Dataset excerpts
-=-=-

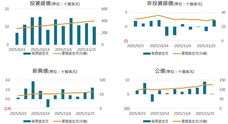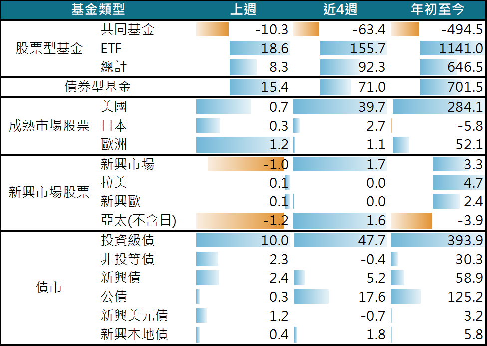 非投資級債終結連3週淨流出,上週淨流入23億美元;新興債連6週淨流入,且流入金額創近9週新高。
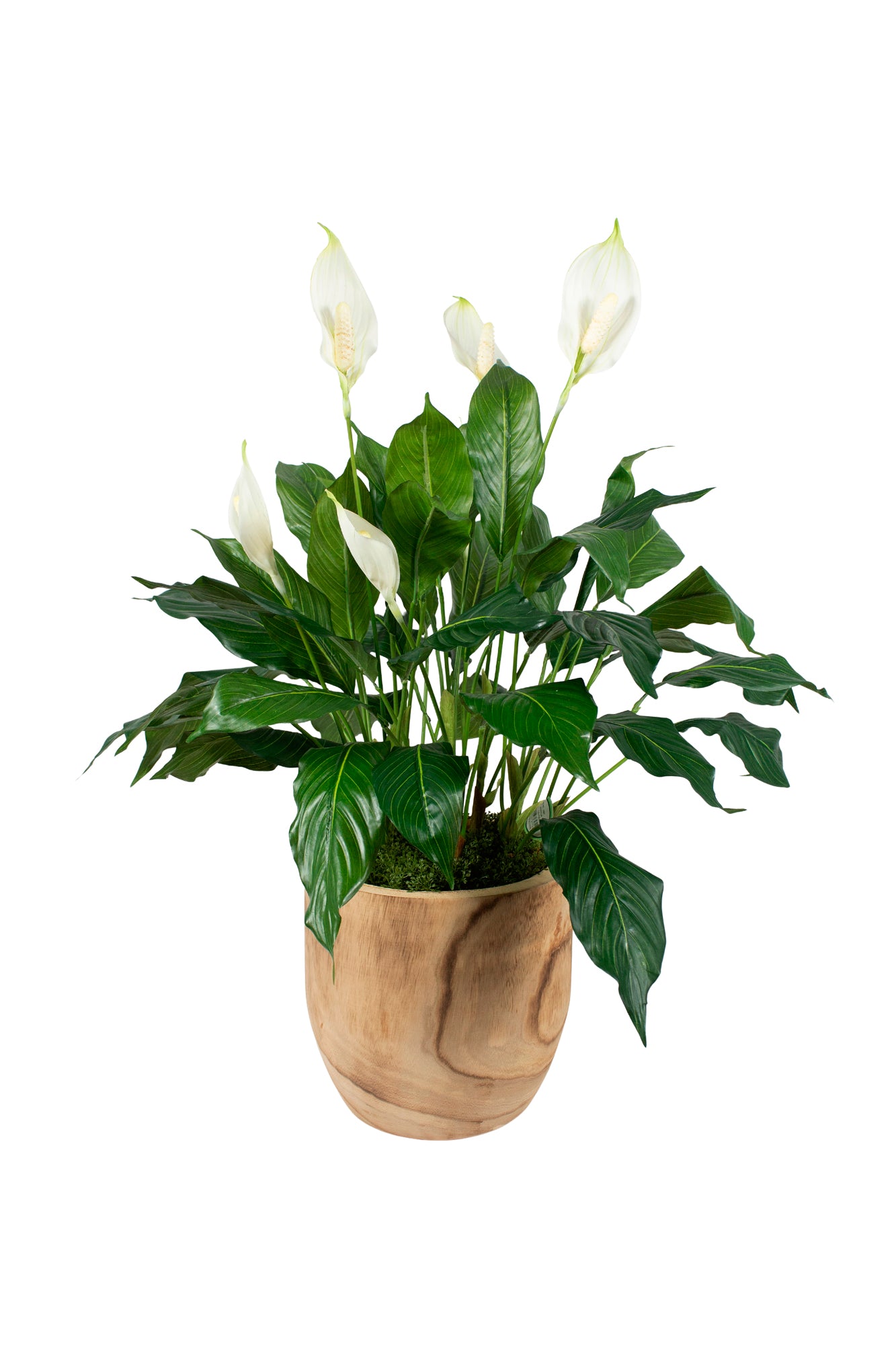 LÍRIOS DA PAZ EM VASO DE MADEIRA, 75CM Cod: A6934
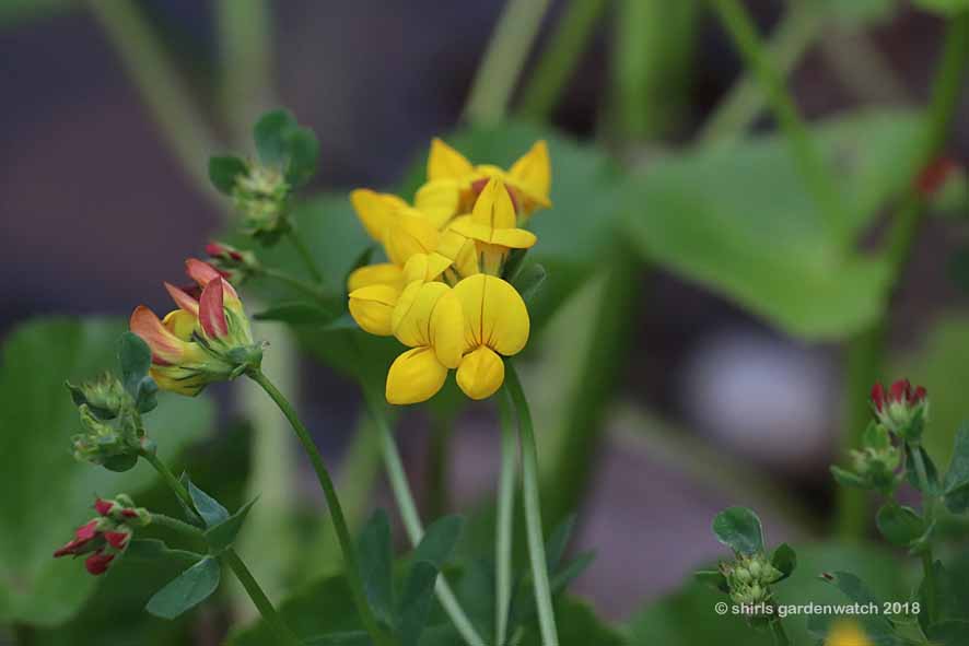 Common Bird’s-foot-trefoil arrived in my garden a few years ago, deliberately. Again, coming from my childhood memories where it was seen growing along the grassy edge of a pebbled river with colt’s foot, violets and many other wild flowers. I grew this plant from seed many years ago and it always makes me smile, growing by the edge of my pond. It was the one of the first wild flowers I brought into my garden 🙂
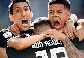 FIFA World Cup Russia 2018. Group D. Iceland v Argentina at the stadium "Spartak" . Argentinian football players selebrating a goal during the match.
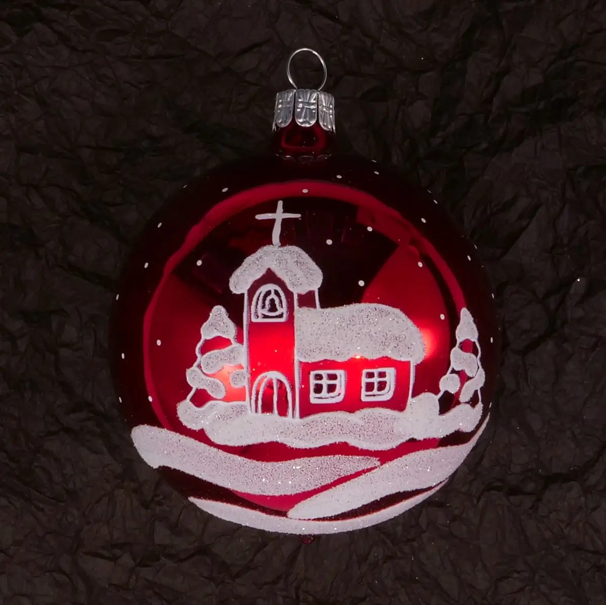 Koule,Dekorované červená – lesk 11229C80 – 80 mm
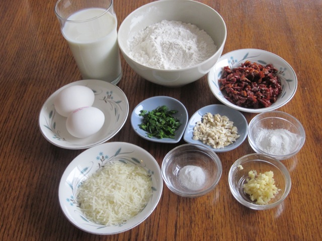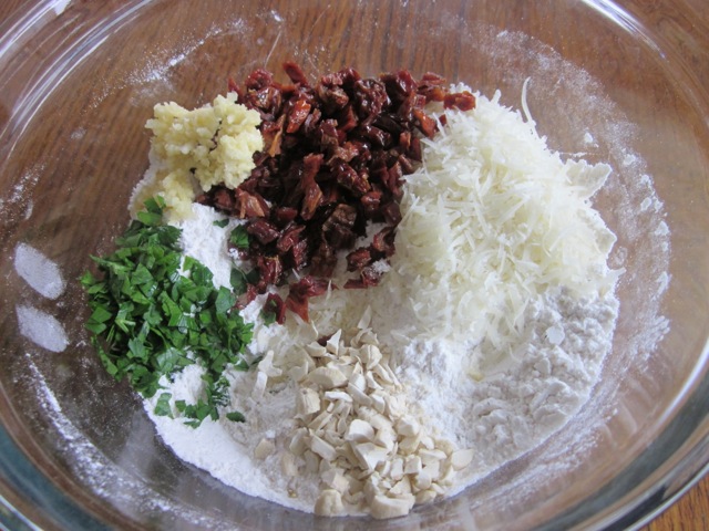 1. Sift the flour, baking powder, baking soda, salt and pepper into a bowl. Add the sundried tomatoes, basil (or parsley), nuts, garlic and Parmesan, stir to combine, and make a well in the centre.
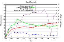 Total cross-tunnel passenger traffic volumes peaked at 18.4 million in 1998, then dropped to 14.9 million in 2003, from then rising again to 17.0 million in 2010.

-=-=-

■ **EXERCISE OBJECTIVE**: Leaving out the pictures, output each line above exactly as it is.

■ **WORKED SOLUTION**:
 非投資級債終結連3週淨流出,上週淨流入23億美元;新興債連6週淨流入,且流入金額創近9週新高。
 LÍRIOS DA PAZ EM VASO DE MADEIRA, 75CM Cod: A6934
 Common Bird’s-foot-trefoil arrived in my garden a few years ago, deliberately. Again, coming from my childhood memories where it was seen growing along the grassy edge of a pebbled river with colt’s foot, violets and many other wild flowers. I grew this plant from seed many years ago and it always makes me smile, growing by the edge of my pond. It was the one of the first wild flowers I brought into my garden 🙂
 FIFA World Cup Russia 2018. Group D. Iceland v Argentina at the stadium "Spartak" . Argentinian football players selebrating a goal during the match.
 Koule,Dekorované červená – lesk 11229C80 – 80 mm
 1. Sift the flour, baking powder, baking soda, salt and pepper into a bowl. Add the sundried tomatoes, basil (or parsley), nuts, garlic and Parmesan, stir to combine, and make a well in the centre.
 Total cross-tunnel passenger traffic volumes peaked at 18.4 million in 1998, then dropped to 14.9 million in 2003, from then rising again to 17.0 million in 2010.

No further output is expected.